• **Instructions to follow**
Leave the images out and repeat the data exactly as given.

• **Data provided**
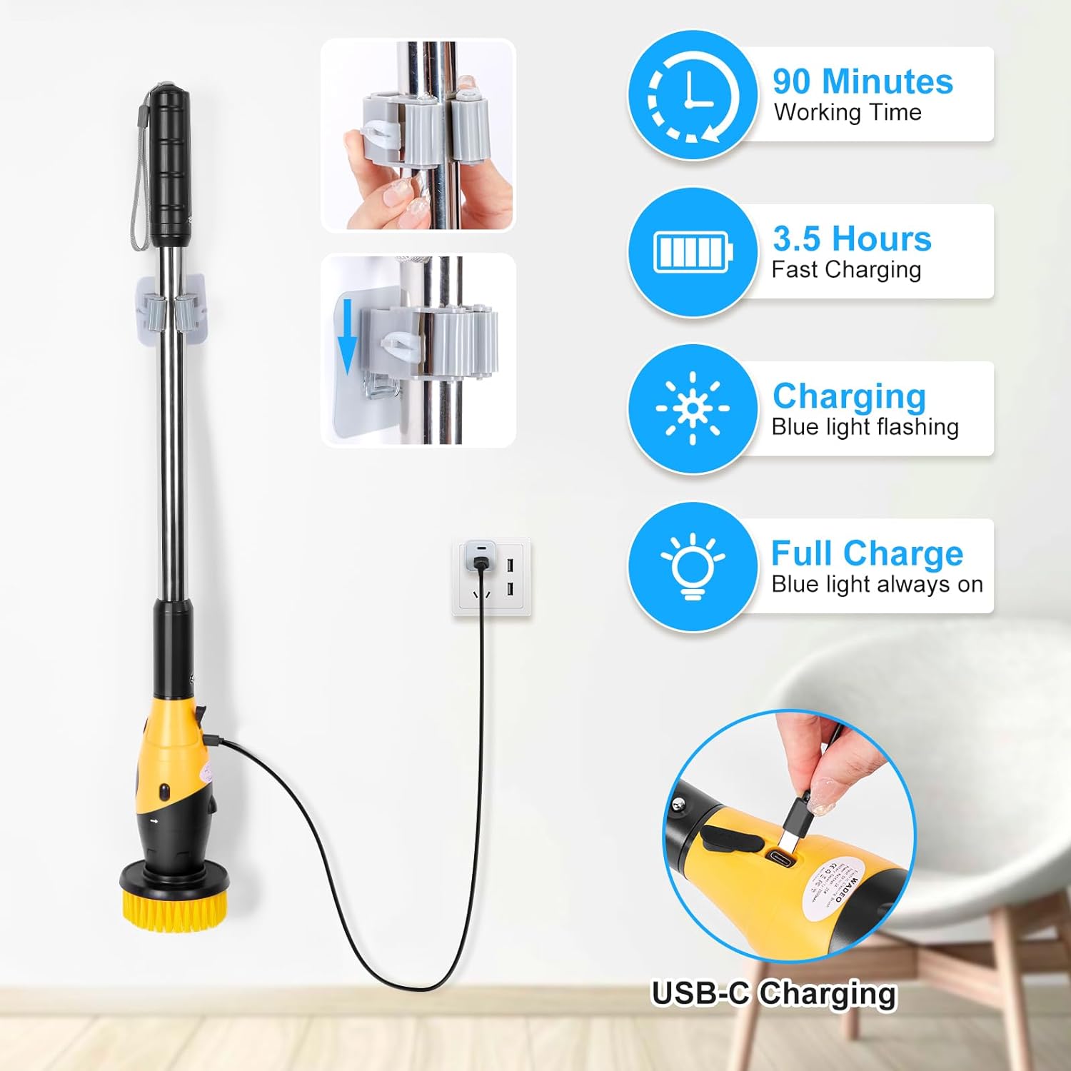 - 【Upgraded Electric Spin Scrubber】17 replaceable brush heads/3 powerful speeds (400/420/460RPM)/extension handle/adjustable angle/LED display/LED light/type-c charging port/90 minutes cordless working time/IPX7 waterproof. It can work continuously for up to 90 minutes after being fully charged. One charge can meet the deep cleaning needs of the entire bathroom 2-3 times.
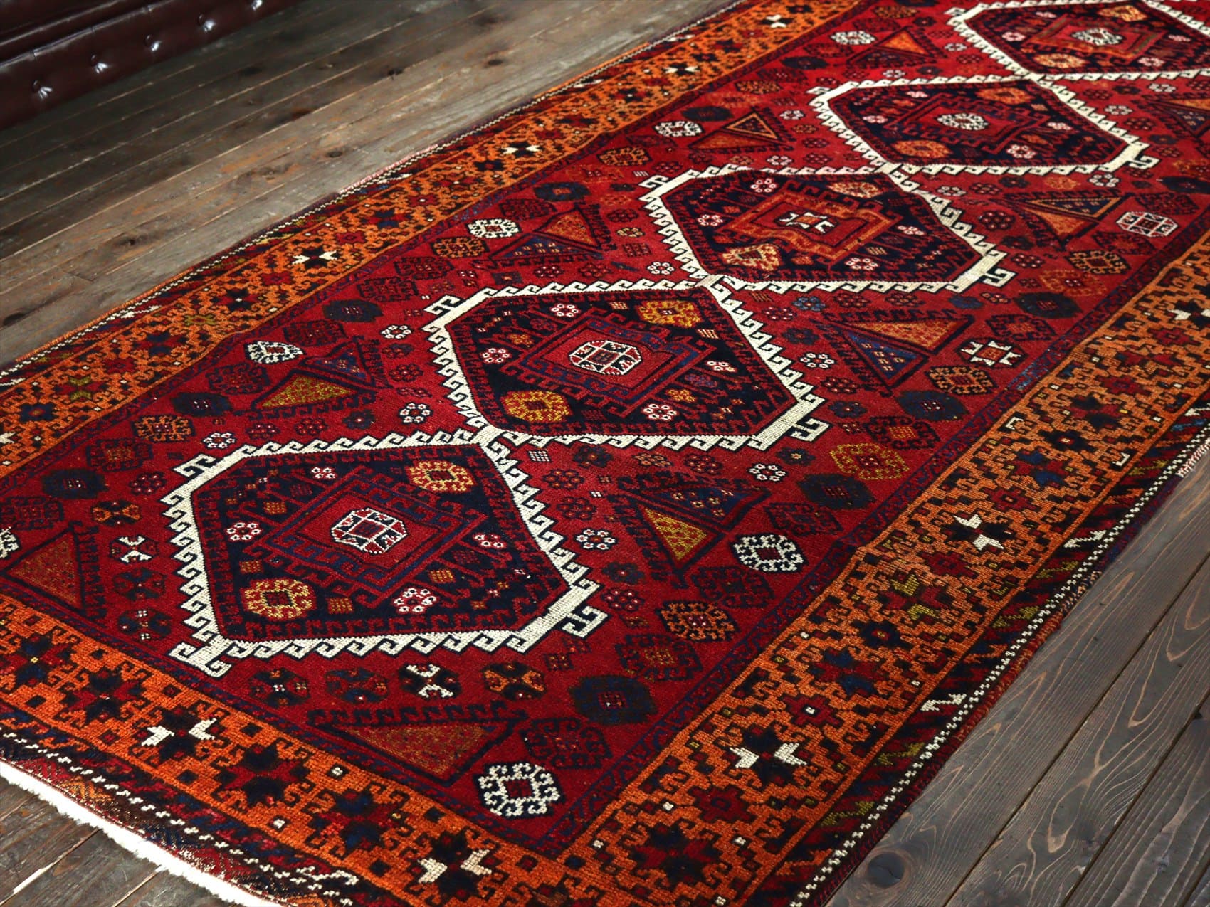 色鮮やかなレッドとオレンジのコンビ-ネーションが印象的な縦長サイズの絨毯。6つのメダリオンは白糸で縁取られアクセントになっています。額縁のデザインも多彩な色使いで細かく表現されていて、サイズのみならず存在感のある1枚。デザインや織りの特徴はクルドに近いので、ジハンベイに移り住んだクルド族の手による織りと推測できます。
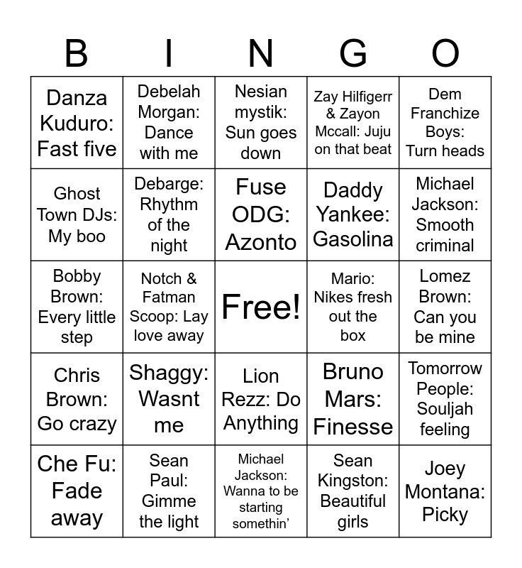 This bingo card has a free space and 29 words: Che Fu: Fade away, Jack Harlow: Loving on me, Notch & Fatman Scoop: Lay love away, Usher: Confessions, Danza Kuduro: Fast five, Nesian mystik: Sun goes down, Debarge: Rhythm of the night, Shaggy: Wasnt me, Mario: Nikes fresh out the box, Sean Paul: Gimme the light, Lomez Brown: Can you be mine, Joey Montana: Picky, Michael Jackson: Wanna to be starting somethin’, Sean Kingston: Beautiful girls, Michael Jackson: Smooth criminal, Monica: Just another girl, Lion Rezz: Do Anything, Chris Brown: Go crazy, Dem Franchize Boys: Turn heads, Bobby Brown: Every little step, Bruno Mars: Finesse, Toni Braxton: He wasn’t man enough, Daddy Yankee: Gasolina, Ghost Town DJs: My boo, Zay Hilfigerr & Zayon Mccall: Juju on that beat, Debelah Morgan: Dance with me, Tomorrow People: Souljah feeling, Fuse ODG: Azonto and Coolio: Fantastic Voyage.

• **Answer for this exercise**
 - 【Upgraded Electric Spin Scrubber】17 replaceable brush heads/3 powerful speeds (400/420/460RPM)/extension handle/adjustable angle/LED display/LED light/type-c charging port/90 minutes cordless working time/IPX7 waterproof. It can work continuously for up to 90 minutes after being fully charged. One charge can meet the deep cleaning needs of the entire bathroom 2-3 times.
 色鮮やかなレッドとオレンジのコンビ-ネーションが印象的な縦長サイズの絨毯。6つのメダリオンは白糸で縁取られアクセントになっています。額縁のデザインも多彩な色使いで細かく表現されていて、サイズのみならず存在感のある1枚。デザインや織りの特徴はクルドに近いので、ジハンベイに移り住んだクルド族の手による織りと推測できます。
 This bingo card has a free space and 29 words: Che Fu: Fade away, Jack Harlow: Loving on me, Notch & Fatman Scoop: Lay love away, Usher: Confessions, Danza Kuduro: Fast five, Nesian mystik: Sun goes down, Debarge: Rhythm of the night, Shaggy: Wasnt me, Mario: Nikes fresh out the box, Sean Paul: Gimme the light, Lomez Brown: Can you be mine, Joey Montana: Picky, Michael Jackson: Wanna to be starting somethin’, Sean Kingston: Beautiful girls, Michael Jackson: Smooth criminal, Monica: Just another girl, Lion Rezz: Do Anything, Chris Brown: Go crazy, Dem Franchize Boys: Turn heads, Bobby Brown: Every little step, Bruno Mars: Finesse, Toni Braxton: He wasn’t man enough, Daddy Yankee: Gasolina, Ghost Town DJs: My boo, Zay Hilfigerr & Zayon Mccall: Juju on that beat, Debelah Morgan: Dance with me, Tomorrow People: Souljah feeling, Fuse ODG: Azonto and Coolio: Fantastic Voyage.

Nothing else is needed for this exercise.